Тем не менее и в Византии была поднята проблема номинализма и реализма. Влеммид считал, что Аристотель прав, говоря о реальности конкретных вещей, но что и Платон не ошибается, так как в боге-творце заключается глубокий смысл всех сотворенных конкретных вещей еще до сотворения мира, предвечно[619]. Таким образом, подобное механическое соединение противоположных идей означало скорее не решение проблемы, а желание отойти от нее. Спор об Аристотеле и Платоне достиг особой остроты во время идеологической распри Метохита и Хумна.
Наиболее рьяным поклонником Аристотеля был Никифор Хумн. Он читал и комментировал его труды для своих друзей. Картину мироздания он представлял по Аристотелю[620]. Он также считал, что идеи не существуют вне тел[621], и старался опровергнуть теорию Платона. Однако нельзя считать Хумна аристотеликом, а его противника Метохита платоником. Оба они иногда возвеличивали обоих античных философов, а иногда находили недостатки и у того, и у другого. Хумн писал: «Безумием было бы не признавать величия Платона и Аристотеля, но нельзя считать, что их положения являются оракулом, что нельзя ни развивать, ни продолжать их идеи»[622].
Острым был спор о взглядах Аристотеля и Платона в области астрономии. Метохит был прав, отдавая предпочтение Птолемею, Хумн же придерживался Платона (оба при этом упускали из виду, что ни Платон, ни Аристотель не могли знать того, что знал Птолемей во II в. н. э.).

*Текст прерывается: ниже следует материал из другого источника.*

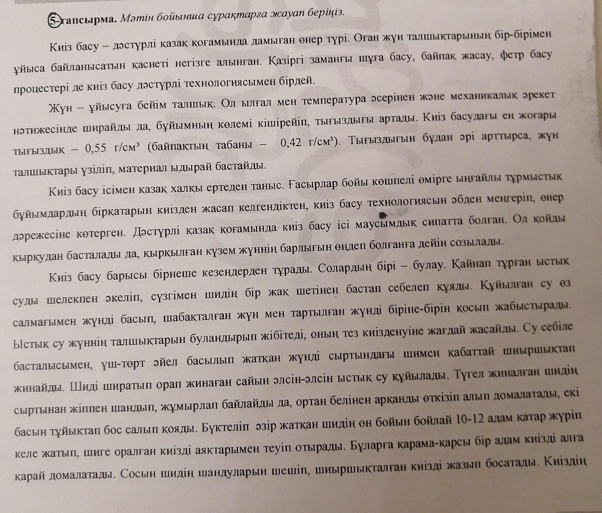 Жауап N Сұрақ 1 Механикалық әрекет нәтижесінде ширайтын зат 2. Киіз басуға қажетті зат 3 Жүн талшықтарының үзіліп, материалдың ыдырай бастау себебі 4 Киіз басудың булау кезеңіне қатысты дұрыс ақпарат 5 Мәтін мазмұны бойынша маусымдық сипат алған дәстүр 6 Киізді булау кезінде қолданылатын негізгі зат

Григора тоже был поклонником Аристотеля, тогда как основная теория Платона об идеях казалась ему странной. «Неужели…, — говорил он, — человеческие законы являются только тенью, игрушкой бога, как это изображает Платон?»[623]
Теория Платона о мире идей считалась в Византии XIV в. абсурдной, несмотря на благоговение перед ним, как великим философом. Прежде чем перейти к признанию этой теории Платона, византийской интеллигенции в 40-х годах XIV в. пришлось окунуться в богословские споры.
В представлениях людей XIV–XV вв. богословие являл ось наукой, более важной, чем точные науки того времени. Если признать, что наличие бога, управляющего миром, является незыблемым фактом, то, разумеется, познание этого начала являлось обязательным и даже решающим для человеческого разума. Церковь учила, что бог непостижим, т. е. его нельзя познать обычными чувствами, но она внушала, что именно разум подтверждает наличие бога и что, напротив, атеизм свидетельствует об отсутствии разума. Однако в то же время церковь провозглашала, что «мудрость мира сего является безумием перед богом».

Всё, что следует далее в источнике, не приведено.